# PROBLEM DETAILS
Word for word, retype the lines from the one containing "- Round neck, long" to the one containing "Toe box and" below, keeping both end lines and dropping the pictures.

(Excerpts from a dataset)
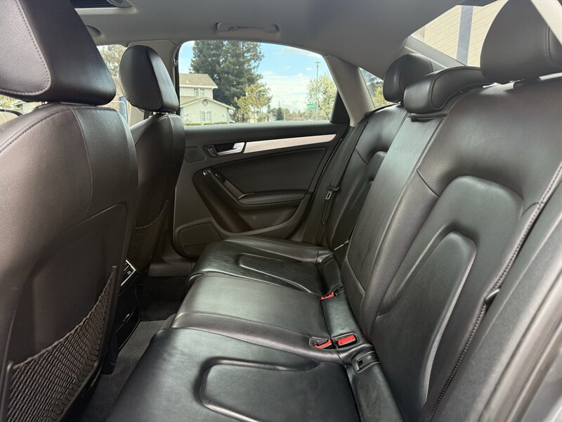 - Interior: Black leather seating surfaces with power-adjustable front seats and supportive bolstering. Leather-wrapped multifunction steering wheel with audio and phone controls and a tilt-and-telescoping column. The cabin delivers a well-trimmed, driver-focused layout typical of Audi’s Premium trim.
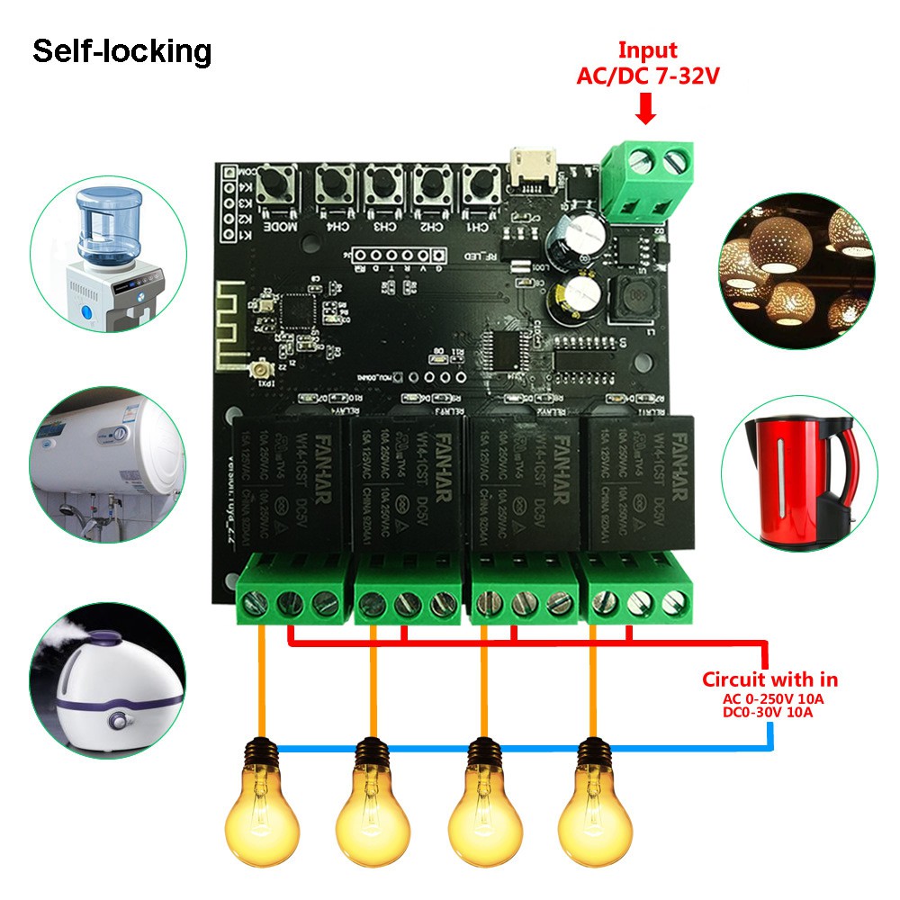 [Smart Life App] 4CH USB DC 7 32V WiFi Switch Wireless Relay Module Autogate APP Auto Gate Control
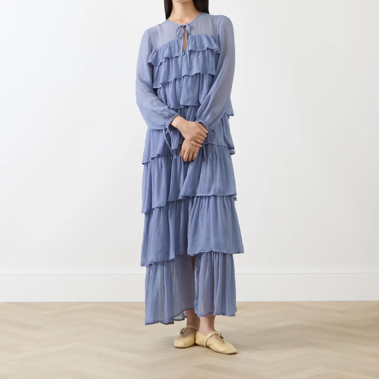 - Round neck, long sleeves, tie fastenings, ruffle detailing throughout, full tiered skirt, lightweight, semi-sheer, midi length
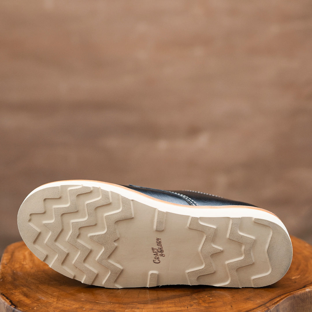 Toe box and heel counters are crafted out of thick vegetable tanned leather and dipped in industrial hardeners to keep your shoes structured and durable for a lifetime.
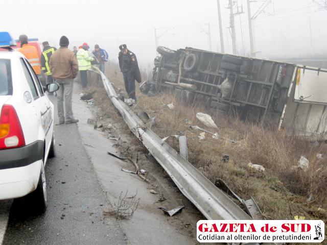 Un tir s-a făcut praf ieri-dimineaţă, pe DE 70, după ce s-a răsturnat în afara părţii carosabile. Conform poliţiştilor de la Rutieră care s-au deplasat la faţa locului, bărbatul nu a adaptat viteza în condiţii de carosabil umed şi, într-o curbă uşoară la stânga, la intrare pe pasarela CFR de la marginea comunei Coţofenii din Faţă, a pierdut controlul direcţiei, a mers peste parapetul de protecţie circa 50 de metri, după care s-a răsturnat în afara drumului. La faţa locului s-au deplasat o ambulanţă SMURD şi un echipaj de la Descarcerare, însă, din fericire, nu a fost nevoie de intervenţia lor, şoferul ieşind singur din tirul răsturnat. Poliţiştii de la Rutieră au precizat că acea porţiune de drum este periculoasă iarna, mai ales atunci când este acoperită cu polei, pentru că mulţi şoferi au tendinţa să apese pe acceleraţie la intrarea pe pasarelă.
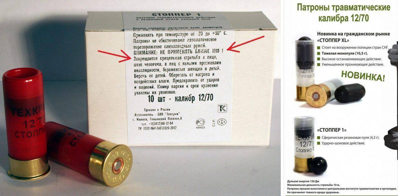 | ООО «Техкрим» | 12 | 140 | 79,32 Дж | Каждая пуля содержит три резиновых шарика. Запрещено применение ближе, чем с 10 м. |
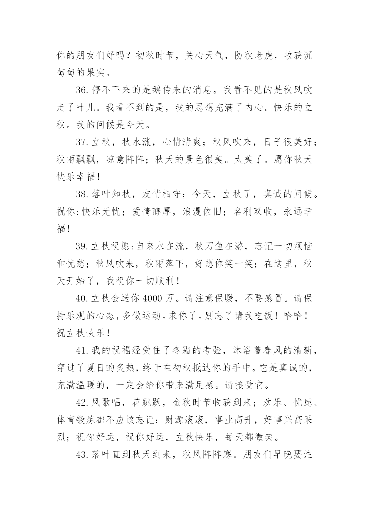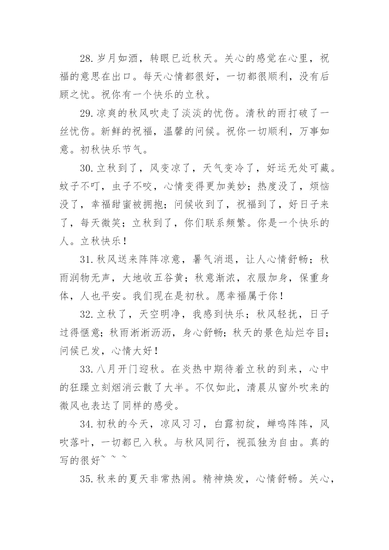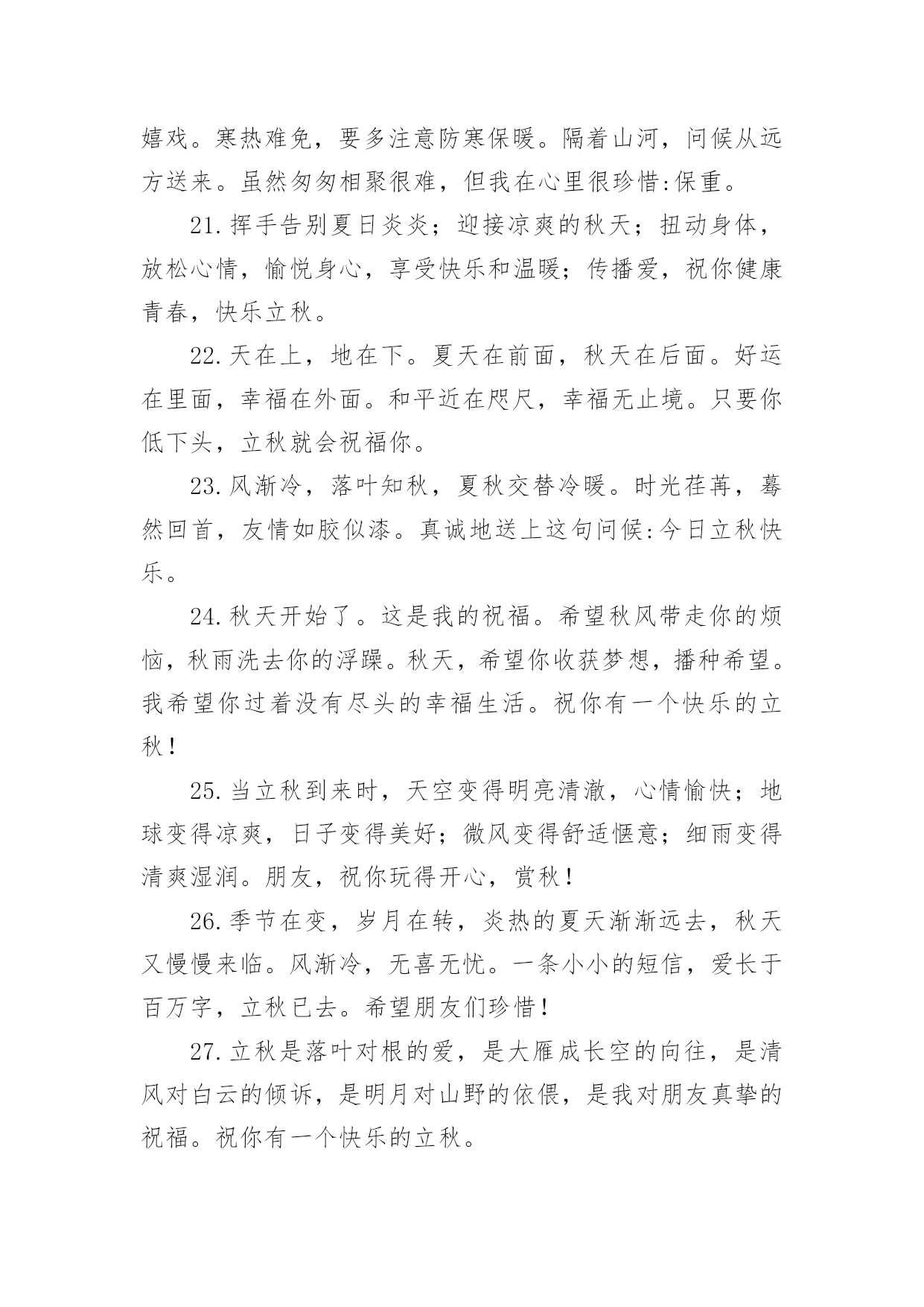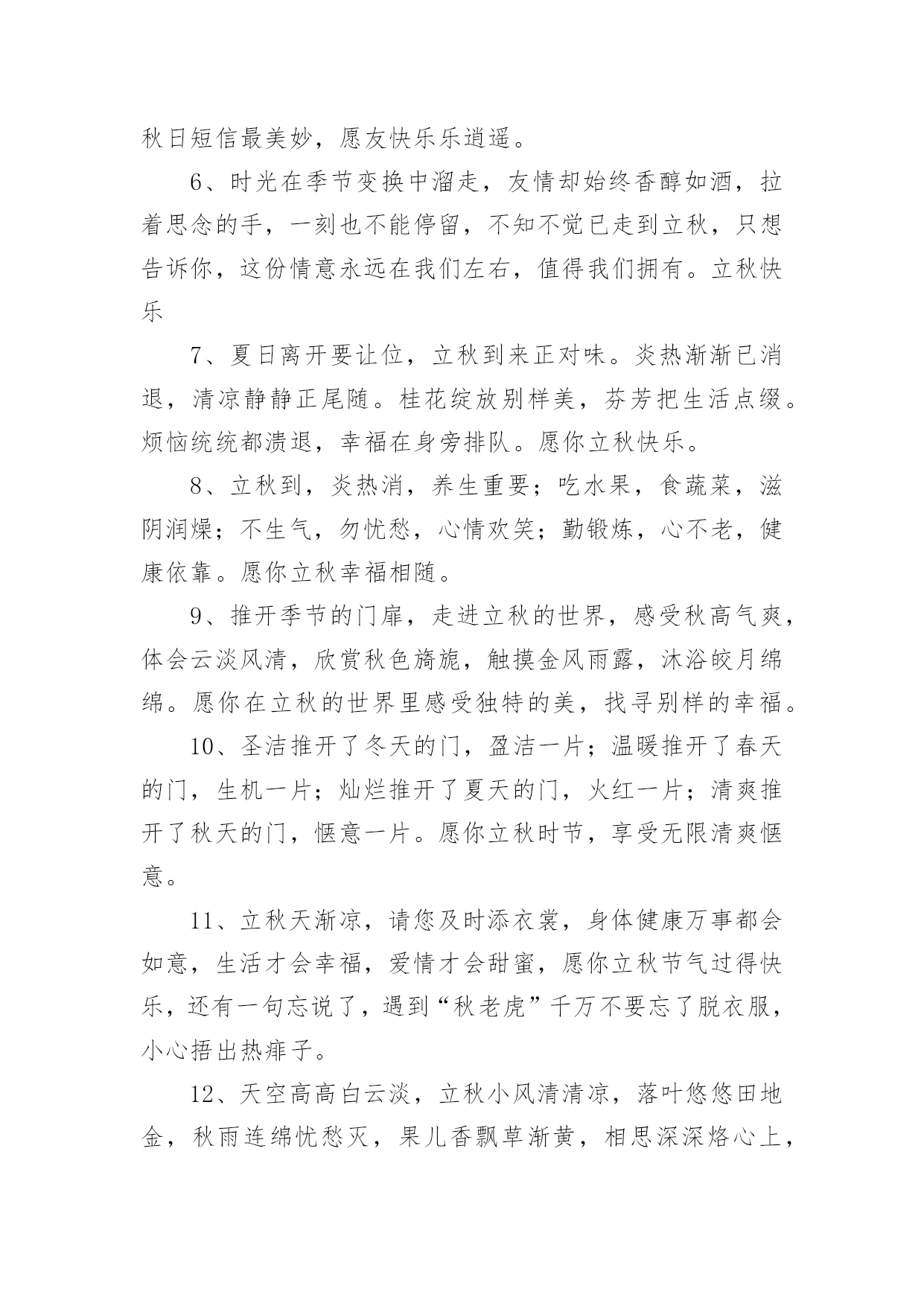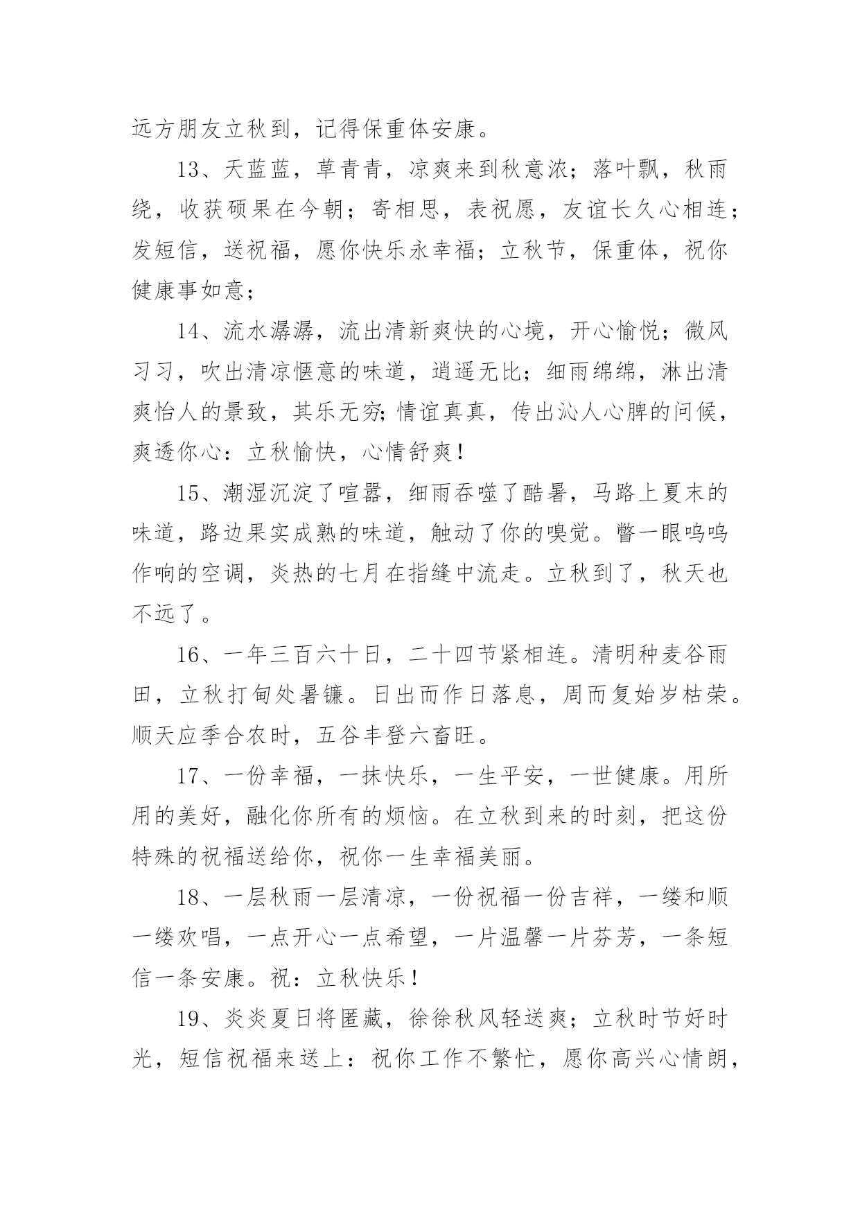 2022立秋节气的唯美文案2022立秋节气的唯美文案(精选130句)在平平淡淡的学习、工作、生活中,大家最不陌生的就是文案了吧,文案用以分享自己对生活的思考,表达自己的喜怒哀乐。究竟什么样的文案才是特别的呢?以下是小编帮大家整理的2022立秋节气的唯美文案(精选130句),希望对大家有所帮助。2022立秋节气的唯美文案11、秋高气爽立秋到,早晚温差有变化,及时添衣防感冒,身康体健乐相伴,秋季气候最干燥,时令果蔬要多吃,生津润肺保健康,立秋,愿你健康相随,快乐无限!2、立秋到来精神爽,再无高温令人苦。一场秋雨一分凉,气温适宜人舒服。秋风阵阵树叶黄,谷物丰收愁眉舒。朋友短信送身边,开开心心人幸福。祝立秋快乐!3、炎热退了,忧愁也走了;凉爽来了,欢乐也笑了;桂花开了,爱情也芬芳了,天空高远了,梦想也飞翔了;立秋到了,祝福来报道了。愿你立秋时节心欢笑,一季无忧幸福绕。4、立秋到来天渐凉,早晚温差放心上。秋叶翩翩百果香,多食水果护健康。桂花绽放十里香,芬芳心田情意长。信息简单祝福浓,愿君幸福乐融融。5、立秋到来心欢笑,祝福岂能不报到。秋风吹拂芬芳绕,秋雨滋阴又润燥,秋阳灿烂幸福高,秋光旖旎醉心潮,秋日短信最美妙,愿友快乐乐逍遥。6、时光在季节变换中溜走,友情却始终香醇如酒,拉着思念的手,一刻也不能停留,不知不觉已走到立秋,只想告诉你,这份情意永远在我们左右,值得我们拥有。立秋快乐7、夏日离开要让位,立秋到来正对味。炎热渐渐已消退,清凉静静正尾随。桂花绽放别样美,芬芳把生活点缀。烦恼统统都溃退,幸福在身旁排队。愿你立秋快乐。8、立秋到,炎热消,养生重要;吃水果,食蔬菜,滋阴润燥;不生气,勿忧愁,心情欢笑;勤锻炼,心不老,健康依靠。愿你立秋幸福相随。9、推开季节的门扉,走进立秋的世界,感受秋高气爽,体会云淡风清,欣赏秋色旖旎,触摸金风雨露,沐浴皎月绵绵。愿你在立秋的世界里感受独特的美,找寻别样的幸福。10、圣洁推开了冬天的门,盈洁一片;温暖推开了春天的门,生机一片;灿烂推开了夏天的门,火红一片;清爽推开了秋天的门,惬意一片。愿你立秋时节,享受无限清爽惬意。11、立秋天渐凉,请您及时添衣裳,身体健康万事都会如意,生活才会幸福,爱情才会甜蜜,愿你立秋节气过得快乐,还有一句忘说了,遇到“秋老虎”千万不要忘了脱衣服,小心捂出热痱子。12、天空高高白云淡,立秋小风清清凉,落叶悠悠田地金,秋雨连绵忧愁灭,果儿香飘草渐黄,相思深深烙心上,远方朋友立秋到,记得保重体安康。13、天蓝蓝,草青青,凉爽来到秋意浓;落叶飘,秋雨绕,收获硕果在今朝;寄相思,表祝愿,友谊长久心相连;发短信,送祝福,愿你快乐永幸福;立秋节,保重体,祝你健康事如意;14、流水潺潺,流出清新爽快的心境,开心愉悦;微风习习,吹出清凉惬意的味道,逍遥无比;细雨绵绵,淋出清爽怡人的景致,其乐无穷;情谊真真,传出沁人心脾的问候,爽透你心:立秋愉快,心情舒爽!15、潮湿沉淀了喧嚣,细雨吞噬了酷暑,马路上夏末的味道,路边果实成熟的味道,触动了你的嗅觉。瞥一眼呜呜作响的空调,炎热的七月在指缝中流走。立秋到了,秋天也不远了。16、一年三百六十日,二十四节紧相连。清明种麦谷雨田,立秋打甸处暑镰。日出而作日落息,周而复始岁枯荣。顺天应季合农时,五谷丰登六畜旺。17、一份幸福,一抹快乐,一生平安,一世健康。用所用的美好,融化你所有的烦恼。在立秋到来的时刻,把这份特殊的祝福送给你,祝你一生幸福美丽。18、一层秋雨一层清凉,一份祝福一份吉祥,一缕和顺一缕欢唱,一点开心一点希望,一片温馨一片芬芳,一条短信一条安康。祝:立秋快乐!19、炎炎夏日将匿藏,徐徐秋风轻送爽;立秋时节好时光,短信祝福来送上:祝你工作不繁忙,愿你高兴心情朗,望你健康体舒畅,盼你一切喜洋洋!20、夏有三伏秋有“虎”,秋风秋雨秋老虎。季节交替度寒暑,生活奔忙真辛苦。天气变化要记住,健康损失难弥补。立秋之际遥相祝,生活开心就是福。2022立秋节气的唯美文案21、立秋又到,养生知识要记牢。精神调养很重要,时刻保持心情舒畅;起居调养莫要忘,早卧早起规律长;饮食调养放心上,莲藕多吃身体保健康。2、秋风吹,拉开秋天的序幕,秋雨飘,浇灌秋天的美妙,秋果硕,缀满秋天的喜悦,秋露白,纯净秋天的心情,立秋到,愿你立秋快乐,幸福满心间!3、落叶知秋,情谊如酒;时间在流,情谊相守;今日立秋,真心问候。祝你:开心勿愁,快乐无忧;爱情醇厚,浪漫依旧;名利双收,幸福永久!4、送你一份关怀,让它带着我的牵挂和祝愿,轻轻地围绕在你的身旁;送你一片落叶,让它带着秋的气息和身影,静静地飘零在你的心底,立秋来临,我依旧思念着你,朋友,记得保重身体,我永远祝福你!5、立秋到了,秋天携着清凉的秋风,带着绵绵的秋雨翩翩而来;秋天穿着黄色的衣裙,带着丰收的祝福翩翩而来;秋天唱着快乐的歌谣,跳
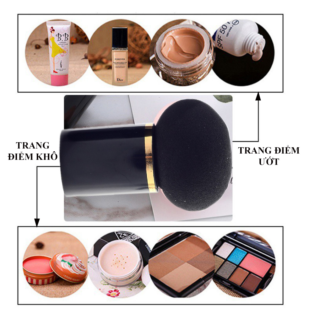 Bông phấn trang điểm hình cây nấm được sử dụng rất đa năng khi trang điểm, bạn có thể trang điểm cả dạng khô và dạng ướt như: tán kem nền , phấn nền, phấn phủ ( nén, bột, phấn má hồng), kem che khuyết điểm.

# EXERCISE ANSWER
 - Round neck, long sleeves, tie fastenings, ruffle detailing throughout, full tiered skirt, lightweight, semi-sheer, midi length
 Toe box and heel counters are crafted out of thick vegetable tanned leather and dipped in industrial hardeners to keep your shoes structured and durable for a lifetime.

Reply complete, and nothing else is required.